=== WORK INSTRUCTION ===
Begin at the top of the entries below and write out every line through the one containing "ASSCHER CUT DIAMOND", excluding pictures.
(Beginning of EXERCISE MATERIALS)
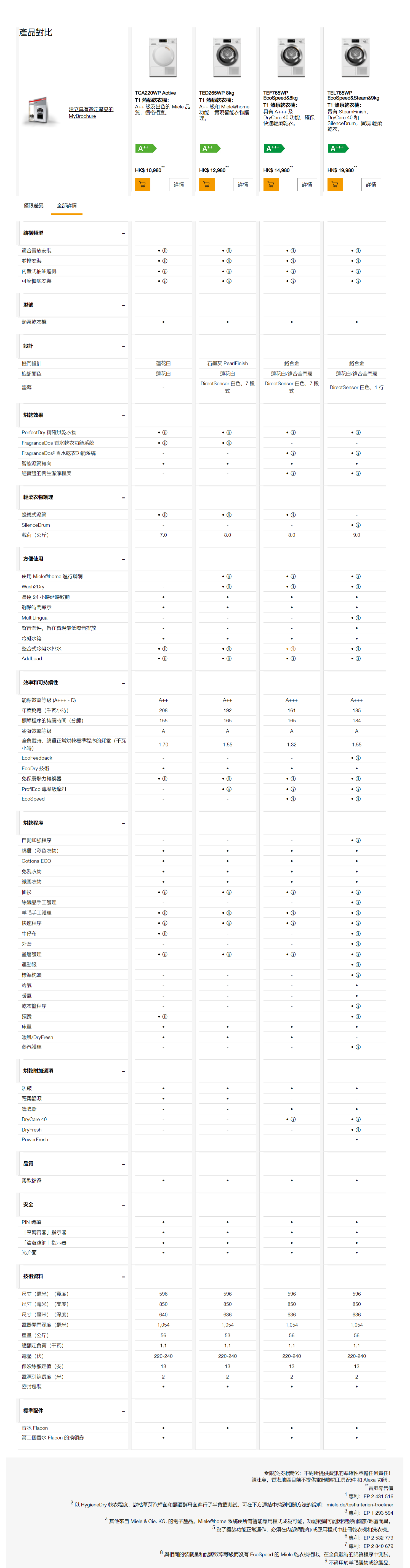 T1 熱泵乾衣機: DryCare 40 和 SilenceDrum,實現柔乾衣。
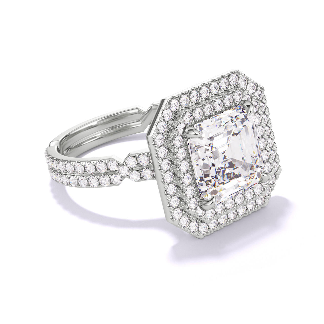 ASSCHER CUT DIAMOND ENGAGEMENT RING WITH A DOUBLE HALO CHANCE PAVE SETTING IN PLATINUM
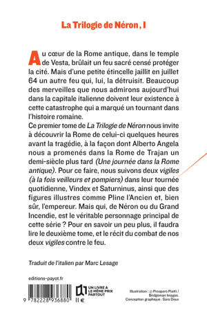 Ce premier tome de La Trilogie de Néron nous invite à découvrir la Rome de celui-ci quelques heures avant la tragédie, à la façon dont Alberto Angela nous a promenés dans la Rome de Trajan un demi-siècle plus tard. (Une journée dans la Rome antique). Pour ce faire, nous suivons deux vigiles (à la fois veilleurs et pompiers) dans leur tournée quotidienne, Vindex et Saturninus, ainsi que des figures illustres comme Pline l'Ancien et, bien sûr, l'empereur. Mais qui, de Néron ou du Grand Incendie, est le véritable personnage principal de cette série ? Pour en savoir un peu plus, il faudra lire le deuxième tome, et le récit du combat de nos deux vigiles contre le feu.
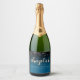 Add your personal brand to your special day with these celebratory simple but stylish wedding champagne bottle labels, which feature elegant handwritten and block lettering in peach with a shower of confetti set on a black to mykonos blue background. Customise as desired.
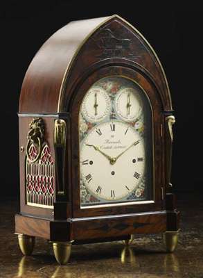 the arched floral festoon painted dial signed Barrauds, Cornhill, London, with subsidiary dials for chime/silent and tune selection, the similarly signed and foliate engraved three train fusee and chain movement, chiming on the quarter hour and playing one of seven tunes on thirteen bells, the arched case inlaid with a lion cresting and flanked by twin sphinx caryatids, with gothic pierced sound frets and raised on brass toupie feet
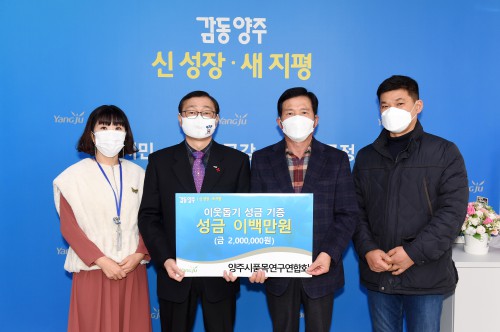 ¾çÁÖ½Ãǰ¸ñ¿¬±¸¿¬ÇÕȸ(ȸÀå ¹Ú¼ø¿ë)´Â 22ÀÏ ¾çÁÖ½Ãû ºÎ½ÃÀå½ÇÀ» ã¾Æ Äڷγª19 Àå±âÈ·Î ¾î·Á¿ò¿¡ óÇÑ ¼Ò¿Ü°èÃþÀ» À§ÇØ ½á´Þ¶ó¸ç ÀÌ¿ô»ç¶û ¼º±Ý 200¸¸¿øÀ» Àü´ÞÇß´Ù.
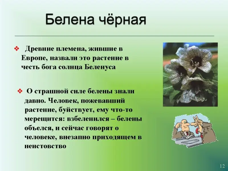 Слайд 12. Белена чёрная. Древние племена, жившие в Европе, назвали это растение в честь бога солнца Беленуса. О страшной силе белены знали давно. Человек, пожевавший растение, буйствует, ему что-то мерещится: взбеленился - белены объелся, и сейчас говорят о человеке, внезапно приходящем в неистовство.
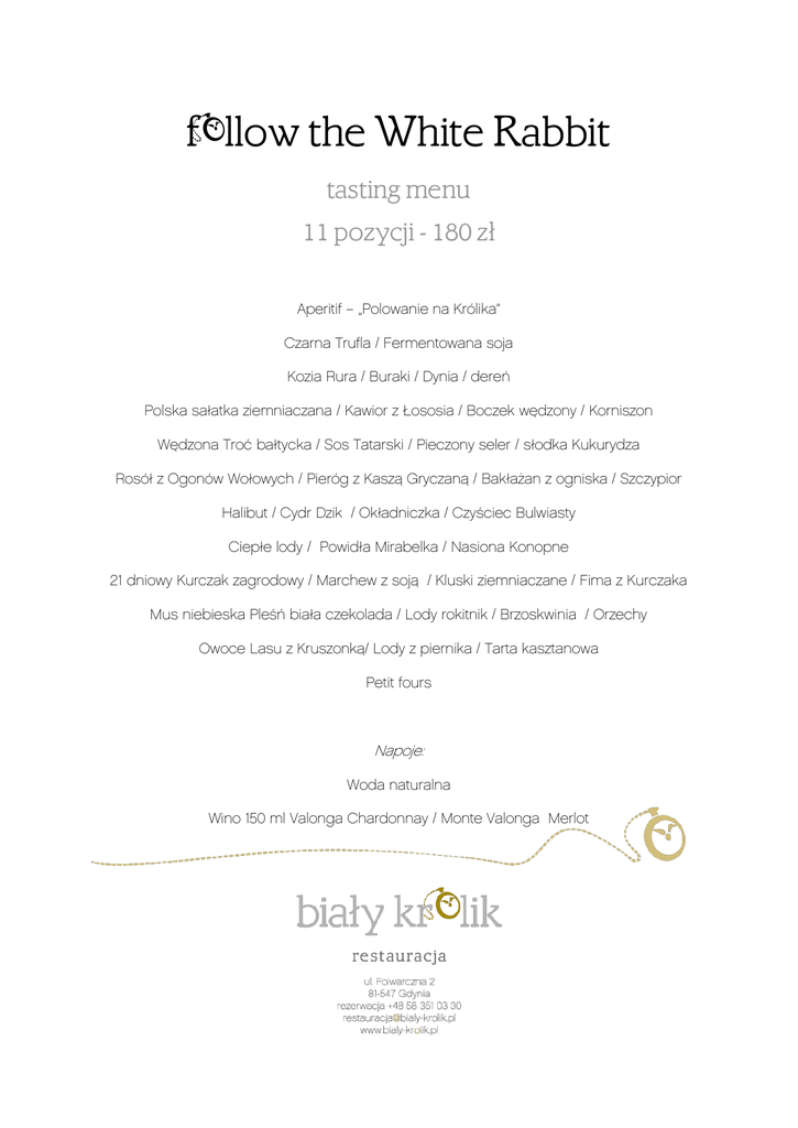 f#llow the White Rabbit tasting menu 11 pozycji - 180 zł Aperitif – „Polowanie na Królika” Czarna Trufla / Fermentowana soja Kozia Rura / Buraki / Dynia / dereń Polska sałatka ziemniaczana / Kawior z Łososia / Boczek wędzony / Korniszon Wędzona Troć bałtycka / Sos Tatarski / Pieczony seler / słodka Kukurydza Rosół z Ogonów Wołowych / Pieróg z Kaszą Gryczaną / Bakłażan z ogniska / Szczypior Halibut / Cydr Dzik / Okładniczka / Czyściec Bulwiasty Ciepłe lody / Powidła Mirabelka / Nasiona Konopne 21 dniowy Kurczak zagrodowy / Marchew z soją / Kluski ziemniaczane / Fima z Kurczaka Mus niebieska Pleśń biała czekolada / Lody rokitnik / Brzoskwinia / Orzechy Owoce Lasu z Kruszonką/ Lody z piernika / Tarta kasztanowa Petit fours Napoje: Woda naturalna Wino 150 ml Valonga Chardonnay / Monte Valonga Merlot
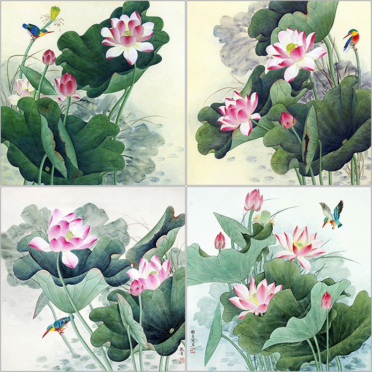 Tranh Vẽ To Mau Hinh Hoa Sen đẹp Mắt Phong Cach Trung Hoa Shopee Việt Nam
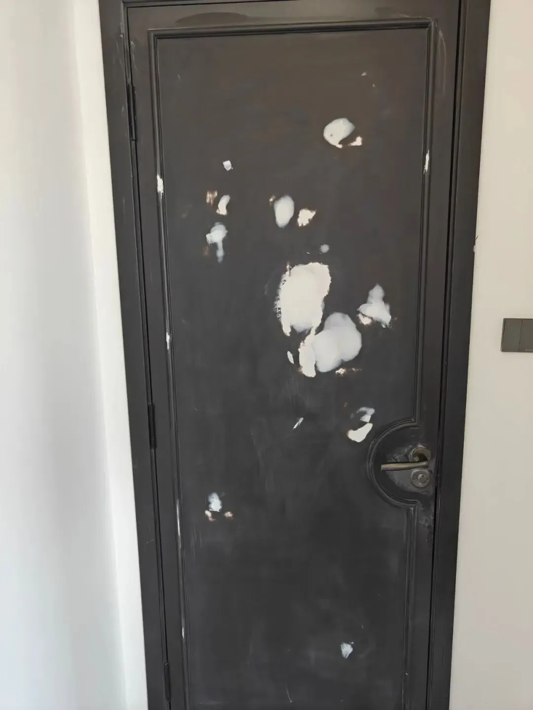 • 修复中:精细填补坑洞、打磨找平,一步步还原门板平整基底。
(End of EXERCISE MATERIALS)
=== EXERCISE OUTPUT ===
 T1 熱泵乾衣機: DryCare 40 和 SilenceDrum,實現柔乾衣。
 ASSCHER CUT DIAMOND ENGAGEMENT RING WITH A DOUBLE HALO CHANCE PAVE SETTING IN PLATINUM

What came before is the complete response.